* _Instructions to follow_
Copy the lines below word for word, skipping any image.

* _Dataset content_
--- START ---

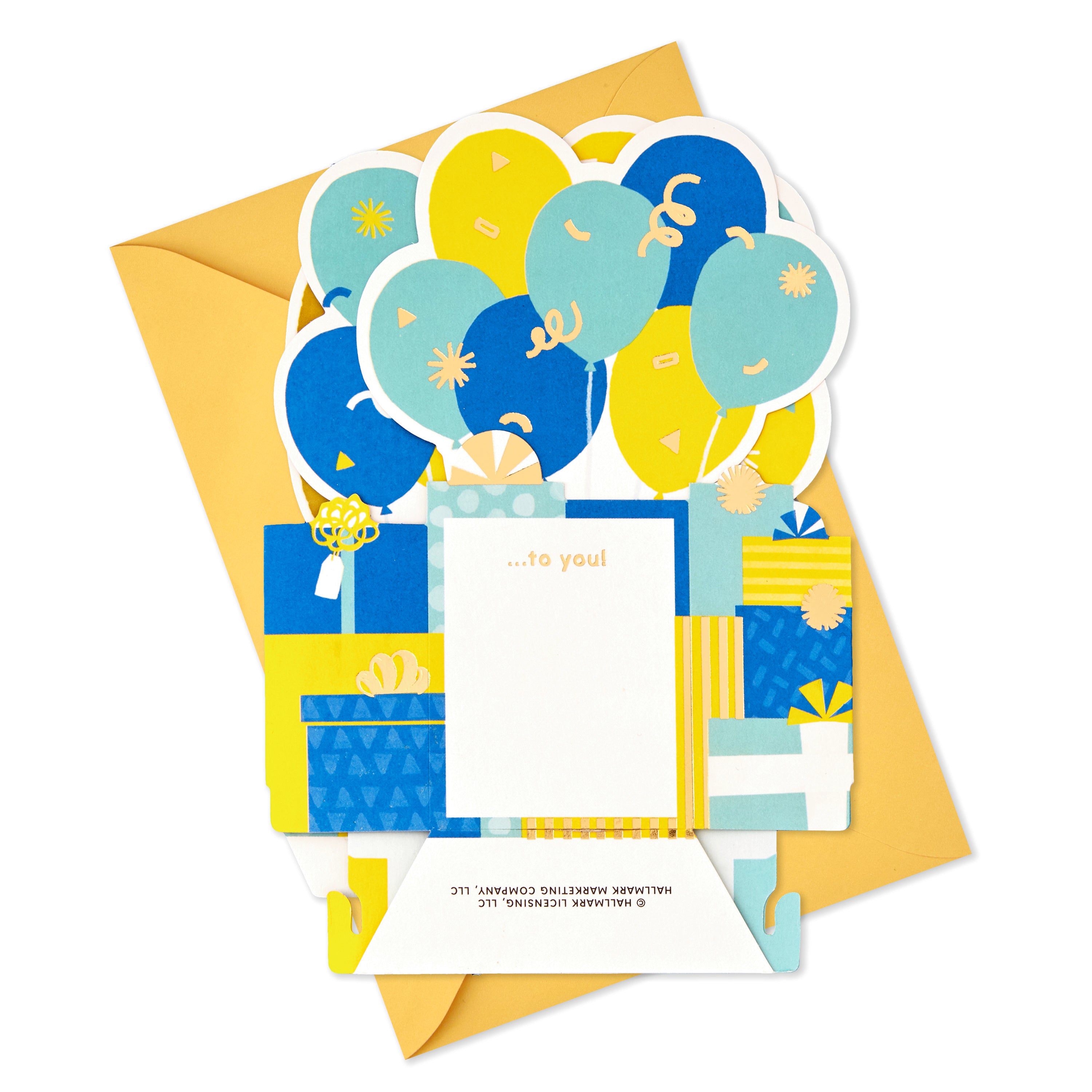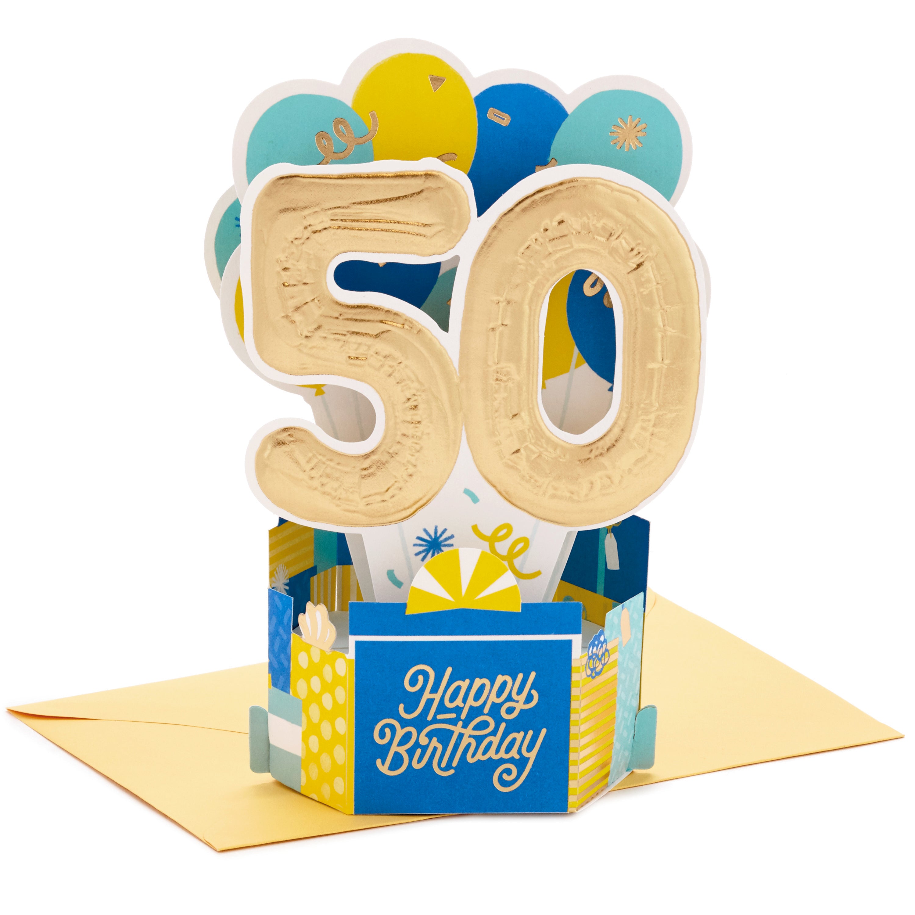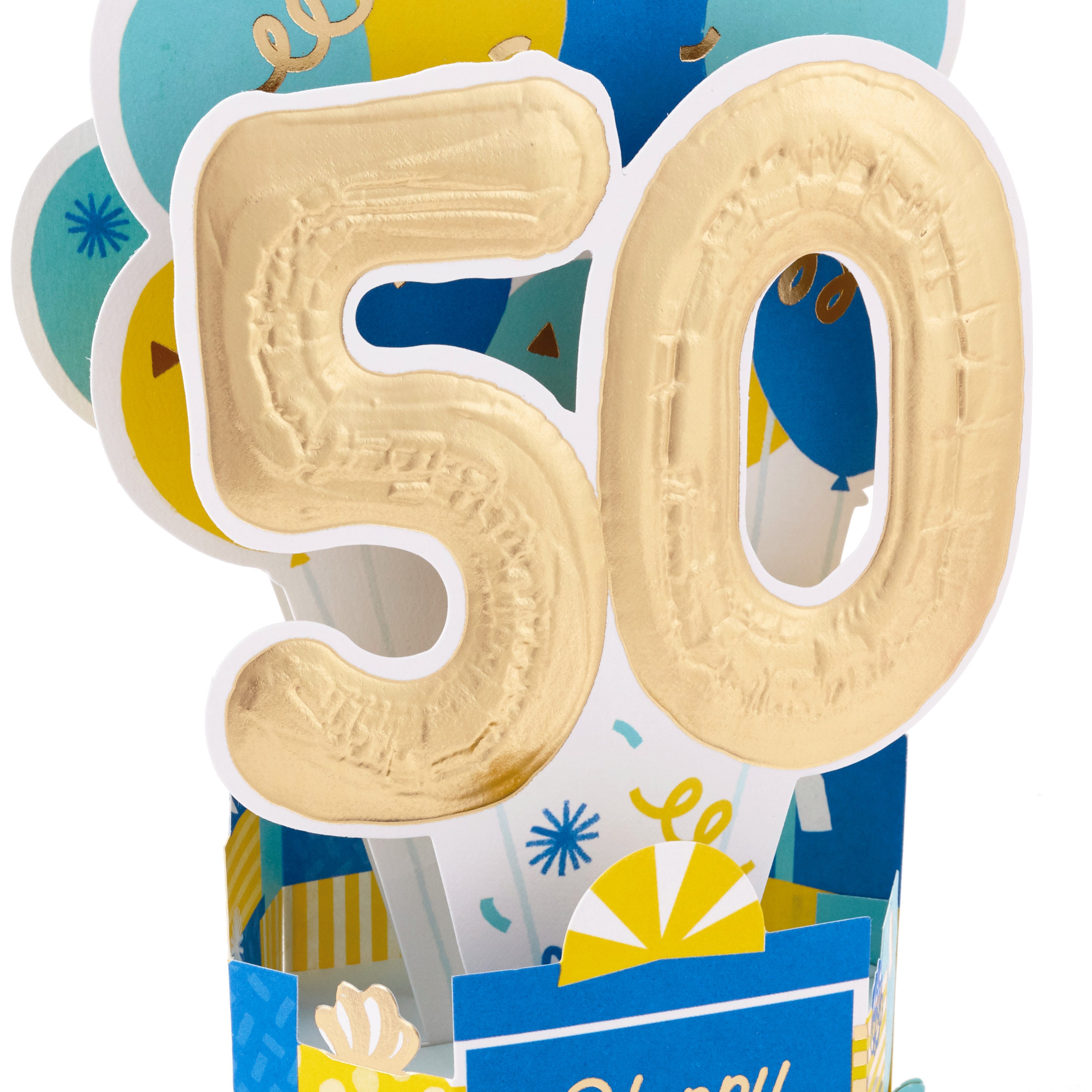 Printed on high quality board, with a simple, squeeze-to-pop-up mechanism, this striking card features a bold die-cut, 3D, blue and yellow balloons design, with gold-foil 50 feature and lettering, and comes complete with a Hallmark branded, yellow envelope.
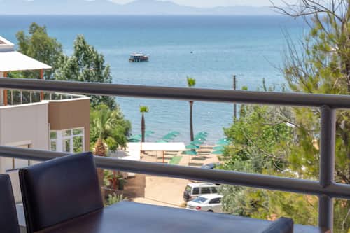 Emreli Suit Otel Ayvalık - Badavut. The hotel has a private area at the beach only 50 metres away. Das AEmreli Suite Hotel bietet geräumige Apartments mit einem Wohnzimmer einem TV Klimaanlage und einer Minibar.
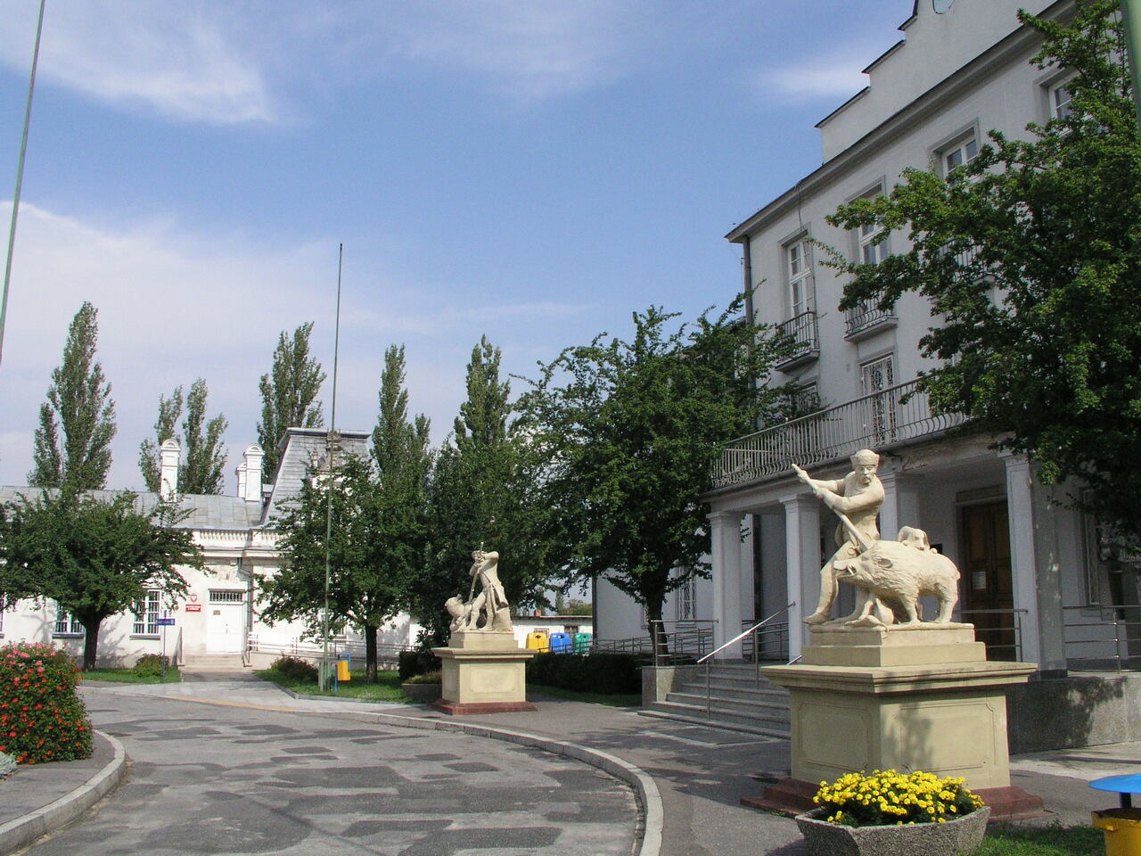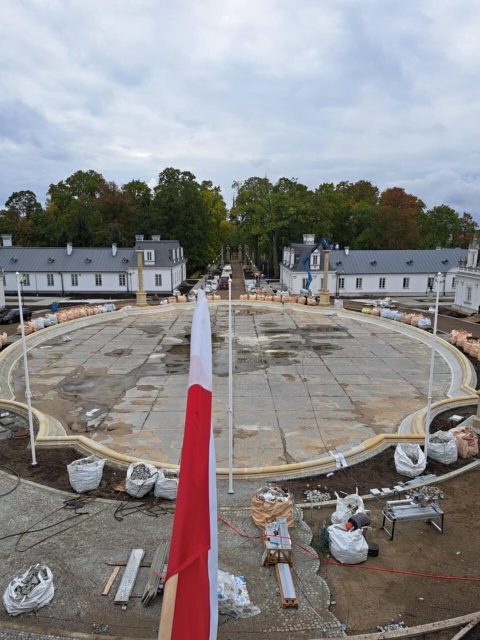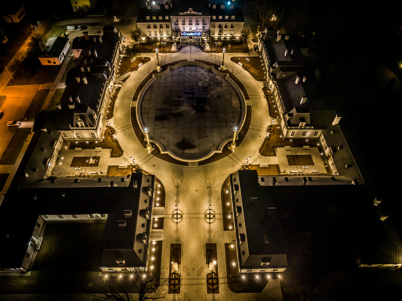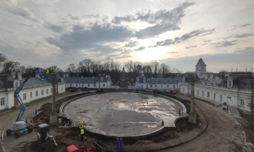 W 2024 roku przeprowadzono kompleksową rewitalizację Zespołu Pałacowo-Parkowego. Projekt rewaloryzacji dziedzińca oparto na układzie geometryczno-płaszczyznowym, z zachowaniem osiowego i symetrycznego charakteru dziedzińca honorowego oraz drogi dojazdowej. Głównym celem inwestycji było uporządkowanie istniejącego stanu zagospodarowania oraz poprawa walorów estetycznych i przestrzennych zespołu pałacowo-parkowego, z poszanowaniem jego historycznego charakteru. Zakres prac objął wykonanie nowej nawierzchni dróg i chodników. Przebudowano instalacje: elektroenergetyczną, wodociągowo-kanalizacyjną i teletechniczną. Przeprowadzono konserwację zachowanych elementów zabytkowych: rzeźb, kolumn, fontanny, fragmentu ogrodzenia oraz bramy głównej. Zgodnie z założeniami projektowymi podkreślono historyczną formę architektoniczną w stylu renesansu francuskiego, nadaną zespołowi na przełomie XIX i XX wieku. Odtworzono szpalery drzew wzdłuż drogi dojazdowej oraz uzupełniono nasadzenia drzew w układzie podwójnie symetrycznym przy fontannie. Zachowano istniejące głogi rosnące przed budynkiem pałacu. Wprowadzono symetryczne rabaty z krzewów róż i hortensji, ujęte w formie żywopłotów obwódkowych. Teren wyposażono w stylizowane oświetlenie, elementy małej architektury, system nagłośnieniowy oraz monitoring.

--- END ---

* _Task output_
 Printed on high quality board, with a simple, squeeze-to-pop-up mechanism, this striking card features a bold die-cut, 3D, blue and yellow balloons design, with gold-foil 50 feature and lettering, and comes complete with a Hallmark branded, yellow envelope.
 Emreli Suit Otel Ayvalık - Badavut. The hotel has a private area at the beach only 50 metres away. Das AEmreli Suite Hotel bietet geräumige Apartments mit einem Wohnzimmer einem TV Klimaanlage und einer Minibar.
 W 2024 roku przeprowadzono kompleksową rewitalizację Zespołu Pałacowo-Parkowego. Projekt rewaloryzacji dziedzińca oparto na układzie geometryczno-płaszczyznowym, z zachowaniem osiowego i symetrycznego charakteru dziedzińca honorowego oraz drogi dojazdowej. Głównym celem inwestycji było uporządkowanie istniejącego stanu zagospodarowania oraz poprawa walorów estetycznych i przestrzennych zespołu pałacowo-parkowego, z poszanowaniem jego historycznego charakteru. Zakres prac objął wykonanie nowej nawierzchni dróg i chodników. Przebudowano instalacje: elektroenergetyczną, wodociągowo-kanalizacyjną i teletechniczną. Przeprowadzono konserwację zachowanych elementów zabytkowych: rzeźb, kolumn, fontanny, fragmentu ogrodzenia oraz bramy głównej. Zgodnie z założeniami projektowymi podkreślono historyczną formę architektoniczną w stylu renesansu francuskiego, nadaną zespołowi na przełomie XIX i XX wieku. Odtworzono szpalery drzew wzdłuż drogi dojazdowej oraz uzupełniono nasadzenia drzew w układzie podwójnie symetrycznym przy fontannie. Zachowano istniejące głogi rosnące przed budynkiem pałacu. Wprowadzono symetryczne rabaty z krzewów róż i hortensji, ujęte w formie żywopłotów obwódkowych. Teren wyposażono w stylizowane oświetlenie, elementy małej architektury, system nagłośnieniowy oraz monitoring.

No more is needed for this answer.